- Film poster
- Directed by: Sean Hanish
- Screenplay by: Dmitry Portnoy
- Produced by: Paul Jaconi-Biery; Sean Hanish;
- Starring: Michelle Monaghan; Leem Lubany; Common; Peter Krause; Ben Schnetzer; Waleed Zuaiter; Mykelti Williamson; Gabriel Bateman; Kevin Chapman; Aimee Garcia; Alfred Molina; Alfre Woodard; Fahim Fazli;
- Cinematography: Richard Wong
- Edited by: Anita Brandt-Burgoyne
- Production company: Cannonball Productions
- Distributed by: Blue Fox Entertainment
- Release dates: September 22, 2018 (LAFF); March 1, 2019 (United States);
- Running time: 107 minutes
- Country: United States
- Language: English
- Box office: $96,212

= Saint Judy =

Saint Judy is an American biographical drama film directed by Sean Hanish, starring Michelle Monaghan and Alfred Molina. Molina serves as an executive producer of the film. The screenplay was written by a former intern of Wood.
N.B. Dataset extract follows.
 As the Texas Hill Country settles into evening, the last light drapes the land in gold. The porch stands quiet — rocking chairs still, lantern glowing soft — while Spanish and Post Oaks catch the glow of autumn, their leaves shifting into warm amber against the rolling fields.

The story is about Judy Wood, an immigration attorney who changed the law on granting asylum in the United States to save the lives of women.
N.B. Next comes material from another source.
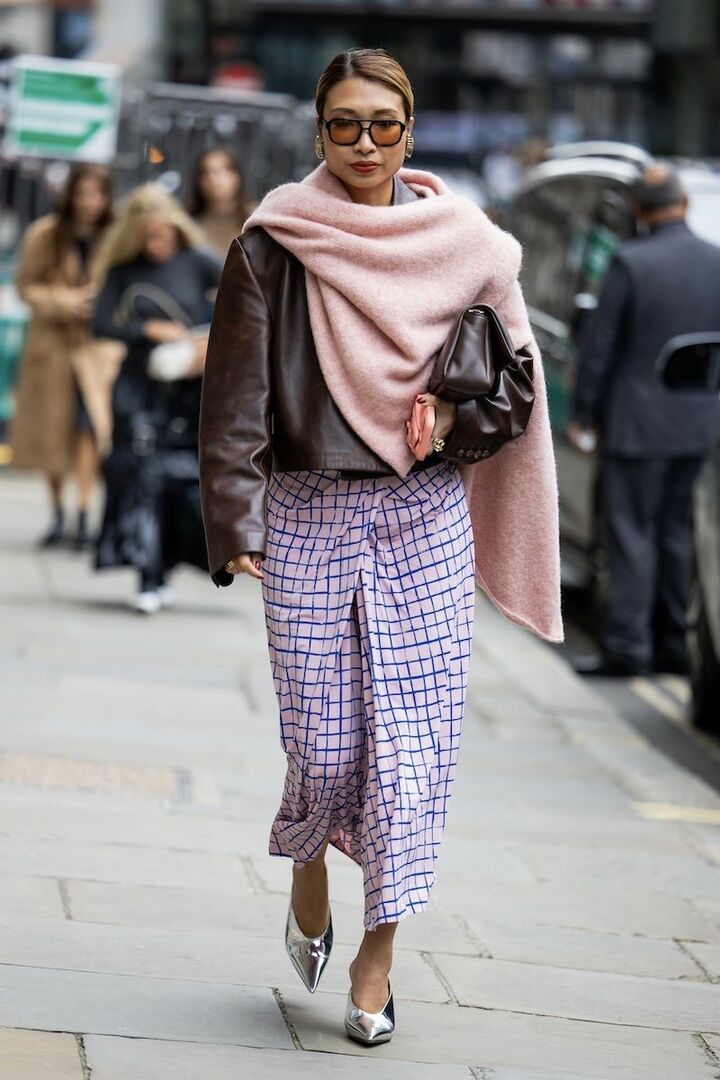 優しいピンクの大判ニットスカーフと、手描き風のチェック柄がユニークなラベンダーロングスカートをアクセントにして、着映え力をアップ。辛口なレザージャケットとキレの良いメタリックシルバーパンプスがあれば、ポップに傾かず都会派ムードを両立できます。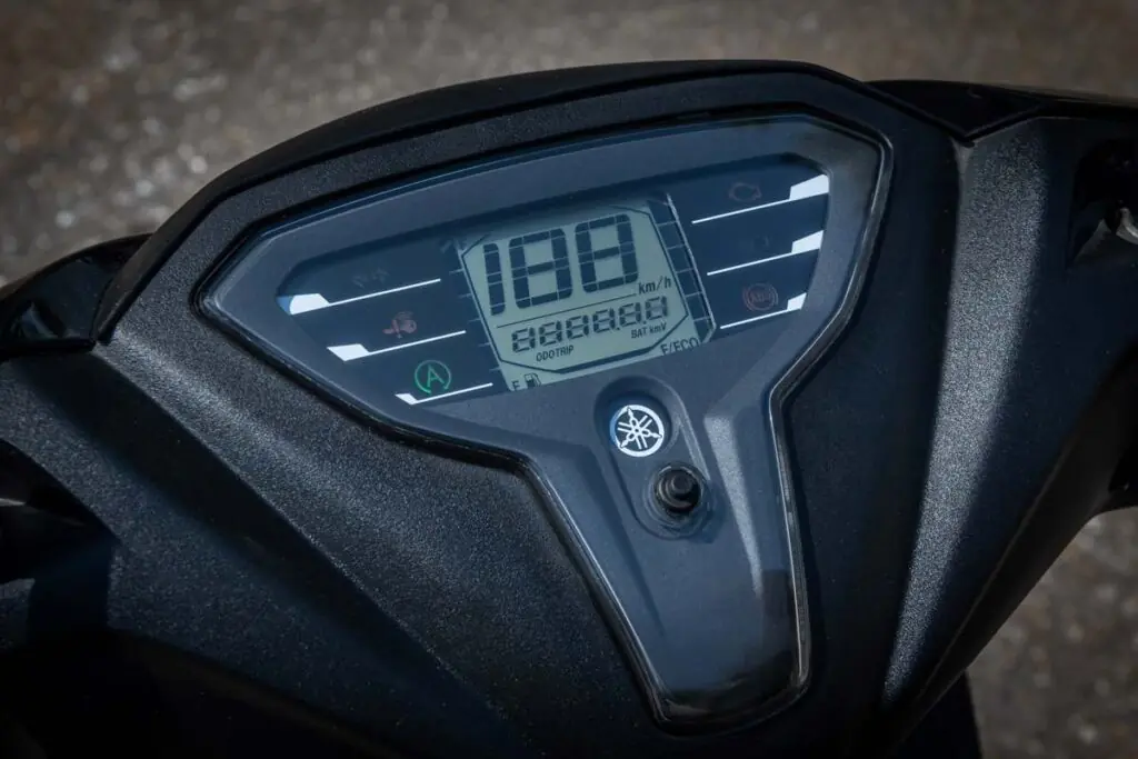 O painel é totalmente digital, com dois displays distintos, um superior tipo black out com velocímetro e logo abaixo um LCD convencional com odômetros, marcador de combustível e relógio.

The film premiered at the 2018 LA Film Festival and was released on March 1, 2019, by Blue Fox Entertainment.

==Plot==

Attorney Judy Wood moves with her son from New Mexico to Los Angeles so he can be closer to his dad, as they share joint custody. Originally a defense lawyer, she starts work in an immigration law office. Soon after starting there, Judy proposes taking on Afghanistani Asefa Ashwari's case who is seeking exile. Barely looking at the file, her boss Ray hands her a form for the woman to request two months to arrange to get her affairs in order so as to return to her country of origin.
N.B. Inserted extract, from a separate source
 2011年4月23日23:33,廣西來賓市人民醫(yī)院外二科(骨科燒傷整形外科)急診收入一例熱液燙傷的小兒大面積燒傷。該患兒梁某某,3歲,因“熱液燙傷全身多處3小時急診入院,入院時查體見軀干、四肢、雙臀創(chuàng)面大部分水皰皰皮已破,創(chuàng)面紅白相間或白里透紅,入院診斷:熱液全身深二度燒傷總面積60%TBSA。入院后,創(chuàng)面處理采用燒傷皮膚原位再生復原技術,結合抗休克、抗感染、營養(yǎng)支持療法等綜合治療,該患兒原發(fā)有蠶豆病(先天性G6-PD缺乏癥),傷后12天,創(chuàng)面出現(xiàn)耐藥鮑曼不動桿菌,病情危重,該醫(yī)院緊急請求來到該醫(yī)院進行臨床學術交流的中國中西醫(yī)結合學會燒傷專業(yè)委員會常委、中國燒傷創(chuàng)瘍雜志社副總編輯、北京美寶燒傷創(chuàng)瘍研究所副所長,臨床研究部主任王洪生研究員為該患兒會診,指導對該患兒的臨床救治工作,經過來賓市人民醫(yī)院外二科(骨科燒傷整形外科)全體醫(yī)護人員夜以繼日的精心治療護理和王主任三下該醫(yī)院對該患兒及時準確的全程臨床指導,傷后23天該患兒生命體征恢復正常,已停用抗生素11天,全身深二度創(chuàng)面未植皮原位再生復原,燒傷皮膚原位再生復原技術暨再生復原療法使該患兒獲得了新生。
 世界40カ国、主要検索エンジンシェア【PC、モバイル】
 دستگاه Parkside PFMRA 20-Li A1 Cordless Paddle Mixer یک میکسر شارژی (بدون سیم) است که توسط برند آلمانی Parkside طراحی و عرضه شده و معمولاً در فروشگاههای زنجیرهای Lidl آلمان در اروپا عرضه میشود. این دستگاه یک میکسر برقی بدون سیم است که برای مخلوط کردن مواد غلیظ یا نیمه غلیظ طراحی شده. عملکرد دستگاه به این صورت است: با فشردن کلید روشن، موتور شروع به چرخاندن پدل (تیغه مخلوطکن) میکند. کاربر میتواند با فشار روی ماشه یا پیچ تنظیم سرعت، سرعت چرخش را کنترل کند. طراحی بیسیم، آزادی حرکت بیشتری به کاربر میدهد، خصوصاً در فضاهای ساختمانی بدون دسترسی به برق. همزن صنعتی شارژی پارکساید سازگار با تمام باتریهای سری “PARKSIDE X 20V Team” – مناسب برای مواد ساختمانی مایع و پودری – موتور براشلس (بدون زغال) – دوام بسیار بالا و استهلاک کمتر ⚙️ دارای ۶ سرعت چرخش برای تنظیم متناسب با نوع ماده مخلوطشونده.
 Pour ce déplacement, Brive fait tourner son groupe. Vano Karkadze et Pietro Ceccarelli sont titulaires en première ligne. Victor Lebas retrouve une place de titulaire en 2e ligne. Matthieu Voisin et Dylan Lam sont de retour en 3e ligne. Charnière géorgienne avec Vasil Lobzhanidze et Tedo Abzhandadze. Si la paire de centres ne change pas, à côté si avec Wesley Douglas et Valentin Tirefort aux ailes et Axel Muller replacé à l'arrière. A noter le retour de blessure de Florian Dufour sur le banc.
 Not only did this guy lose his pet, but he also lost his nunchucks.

Judy drives to the ICE detention center holding Asefa. When she tries to interview the detainee, she has been so heavily medicated she cannot respond to her. Judy appeals to the warden, requesting Asefa be taken off the drugs so they can communicate. Ray again shows little empathy.

While investigating the case, Judy realizes that Asefa came to the US seeking political asylum. She was being persecuted in Afghanistan for educating girls. To obtain a psychological evaluation for the woman, she secures a work visa for another refugee, a psychiatrist. Taking him to the Detention Center, he confirms that Asefa is being overmedicated and recommends that they gradually reduce her medication so they can discover her true mental state.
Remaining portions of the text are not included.